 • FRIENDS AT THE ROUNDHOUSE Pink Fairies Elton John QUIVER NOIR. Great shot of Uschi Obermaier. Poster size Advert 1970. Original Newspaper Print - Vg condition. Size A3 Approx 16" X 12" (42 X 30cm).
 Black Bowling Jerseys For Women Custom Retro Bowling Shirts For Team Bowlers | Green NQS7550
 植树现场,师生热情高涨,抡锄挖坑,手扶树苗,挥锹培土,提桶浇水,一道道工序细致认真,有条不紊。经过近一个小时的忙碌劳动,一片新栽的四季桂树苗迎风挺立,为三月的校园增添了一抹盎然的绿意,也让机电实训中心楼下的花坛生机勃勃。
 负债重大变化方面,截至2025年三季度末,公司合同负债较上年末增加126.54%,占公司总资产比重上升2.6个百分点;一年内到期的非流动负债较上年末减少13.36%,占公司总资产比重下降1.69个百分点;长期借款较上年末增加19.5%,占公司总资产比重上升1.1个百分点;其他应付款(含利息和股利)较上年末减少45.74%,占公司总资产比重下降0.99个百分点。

********************

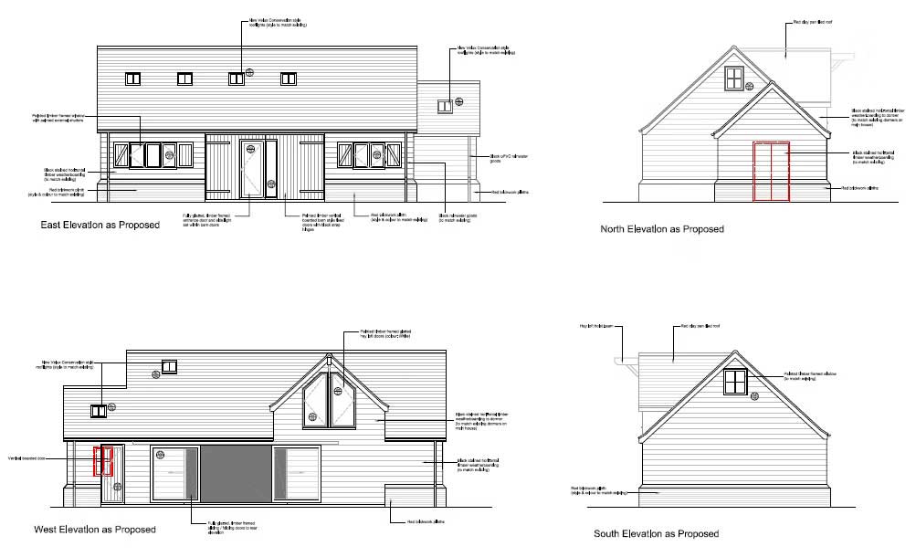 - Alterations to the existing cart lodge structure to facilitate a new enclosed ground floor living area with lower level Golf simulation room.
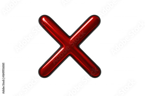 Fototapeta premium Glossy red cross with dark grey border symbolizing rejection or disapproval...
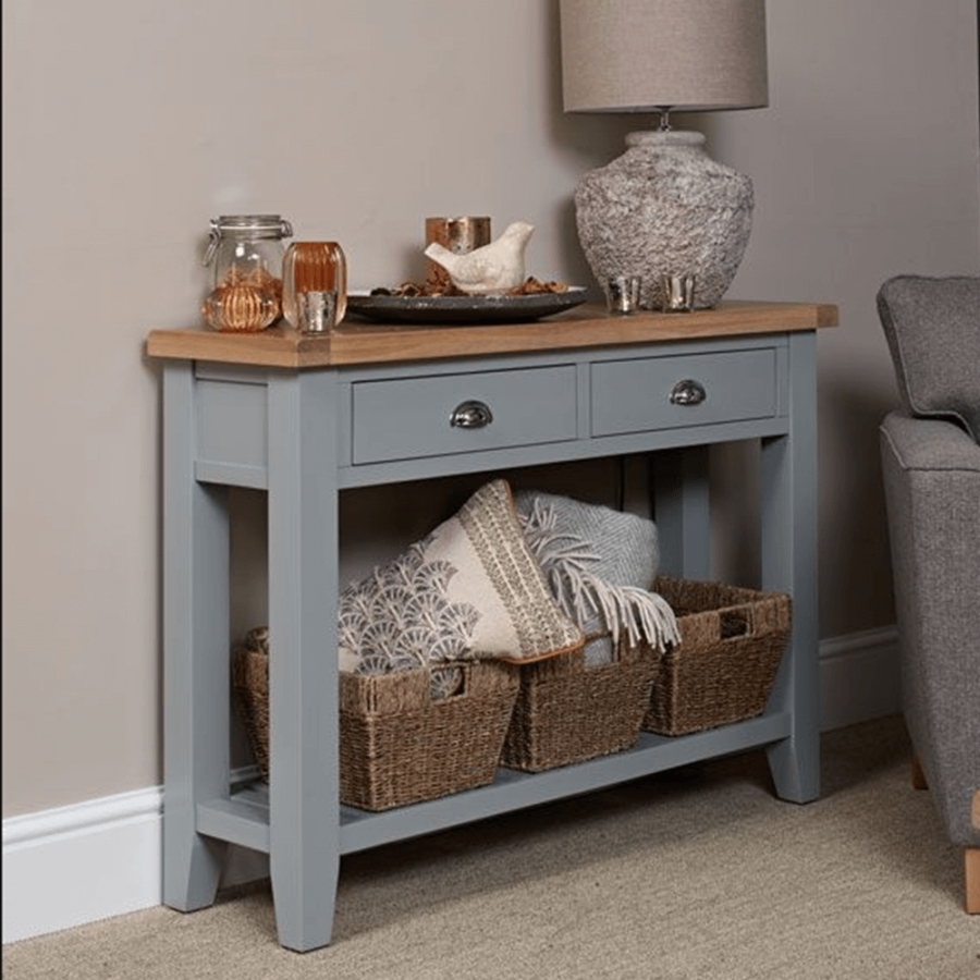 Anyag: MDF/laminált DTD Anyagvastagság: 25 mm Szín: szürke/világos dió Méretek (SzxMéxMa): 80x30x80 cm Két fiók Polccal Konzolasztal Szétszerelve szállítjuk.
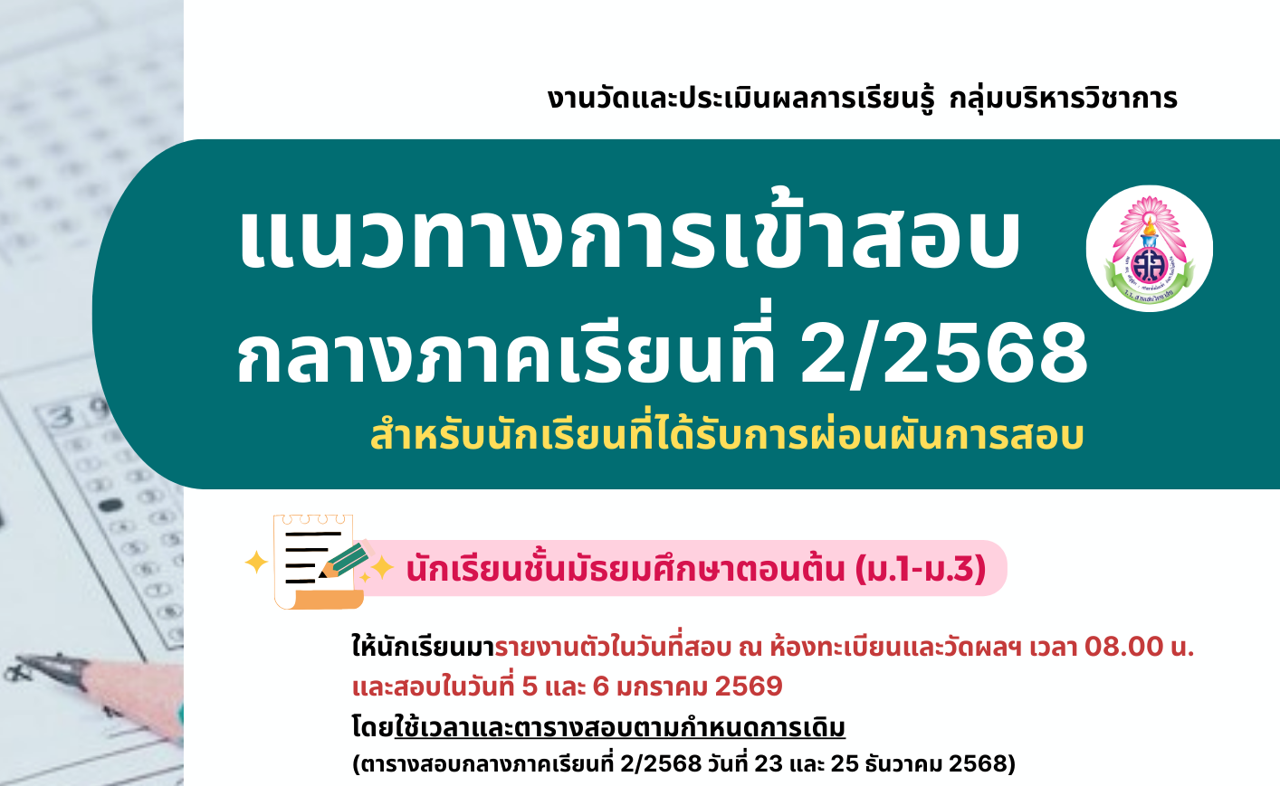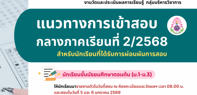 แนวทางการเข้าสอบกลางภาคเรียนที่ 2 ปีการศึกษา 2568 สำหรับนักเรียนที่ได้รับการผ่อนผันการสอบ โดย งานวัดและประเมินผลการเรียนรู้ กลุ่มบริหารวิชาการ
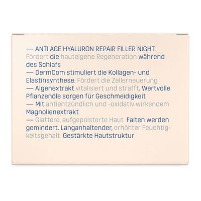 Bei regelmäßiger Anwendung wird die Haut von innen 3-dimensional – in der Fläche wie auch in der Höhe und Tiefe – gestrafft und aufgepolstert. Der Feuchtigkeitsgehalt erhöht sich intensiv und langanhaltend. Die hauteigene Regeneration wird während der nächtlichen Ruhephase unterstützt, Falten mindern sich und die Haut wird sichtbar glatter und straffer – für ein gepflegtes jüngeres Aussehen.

********************

Activity: Reproduce the lines of the entries above from the one with "(42 X 30cm)." to the one with "负债重大变化方面,截至202", both included, exactly and without any other line.

Solution:
 • FRIENDS AT THE ROUNDHOUSE Pink Fairies Elton John QUIVER NOIR. Great shot of Uschi Obermaier. Poster size Advert 1970. Original Newspaper Print - Vg condition. Size A3 Approx 16" X 12" (42 X 30cm).
 Black Bowling Jerseys For Women Custom Retro Bowling Shirts For Team Bowlers | Green NQS7550
 植树现场,师生热情高涨,抡锄挖坑,手扶树苗,挥锹培土,提桶浇水,一道道工序细致认真,有条不紊。经过近一个小时的忙碌劳动,一片新栽的四季桂树苗迎风挺立,为三月的校园增添了一抹盎然的绿意,也让机电实训中心楼下的花坛生机勃勃。
 负债重大变化方面,截至2025年三季度末,公司合同负债较上年末增加126.54%,占公司总资产比重上升2.6个百分点;一年内到期的非流动负债较上年末减少13.36%,占公司总资产比重下降1.69个百分点;长期借款较上年末增加19.5%,占公司总资产比重上升1.1个百分点;其他应付款(含利息和股利)较上年末减少45.74%,占公司总资产比重下降0.99个百分点。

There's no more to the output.